Ген-кандидат TanjilG_05042 в локусе Lanr1 показал заметно отличающуюся картину экспрессии от профилей, полученных в результате исследований РНК-секвенирования (рис. 6e). Значительная активация этого гена наблюдалась в популяции Mandelup и 22660 (до 39,7 и 11,7 раз соответственно), что привело к относительно высоким уровням экспрессии (до 1,4 ± 0,14 и 7,2 ± 1,3 соответственно). 83A:476 также выявил некоторую апрегуляцию гена TanjilG_05042 (до 3,8 раз), однако достигнутые относительные уровни экспрессии (0,044 ± 0,002) были более чем в 30 раз ниже, чем наблюдаемые в популяции Mandelup и 22660. Анализ методом ПЦР показал значительные различия в уровнях экспрессии между генотипами в вариантах с имитацией вакцинации (контроль), достигающие 58-кратной разницы между популяциями 22660 и 83A:476, а также между популяциями 22660 и 22660. Двукратная разница была достигнута между Boregine и Mandalup.

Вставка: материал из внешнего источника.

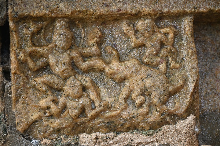 While visiting a shiva temple in Markazhi month he finds an interesting miniature sculpture of “Gajendra Moksham” in the west side of South Gopura of Thiruvazhanchuzhi temple.
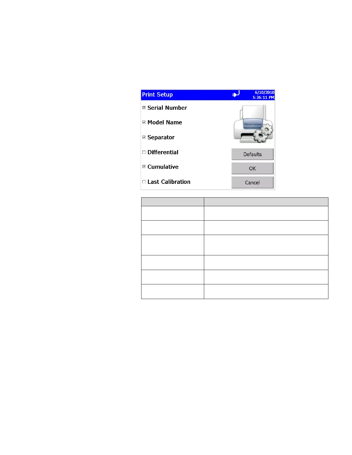 Print Setup Screen

Ген-кандидат в локусе AnMan, TanjilG_12861, активировался в ответ на вакцинацию в 83A:476 и Mandelup, был нейтральным в популяции 22660 и был подавлен в Boregine (рис. 6f). Относительная экспрессия гена TanjilG_12861 была самой высокой в ​​инокулированных 83A:476 (0,14 ± 0,01). Ген белка теплового шока класса I TanjilG_05080 HSP17.4 массой 17,4 кДа показал более низкие уровни относительной экспрессии во всех исследованных штаммах и временных точках (рис. 6g). Самое высокое значение наблюдалось на 24 HPI в популяции 22660 (0,14 ± 0,02, восьмикратное увеличение ответа на вакцинацию).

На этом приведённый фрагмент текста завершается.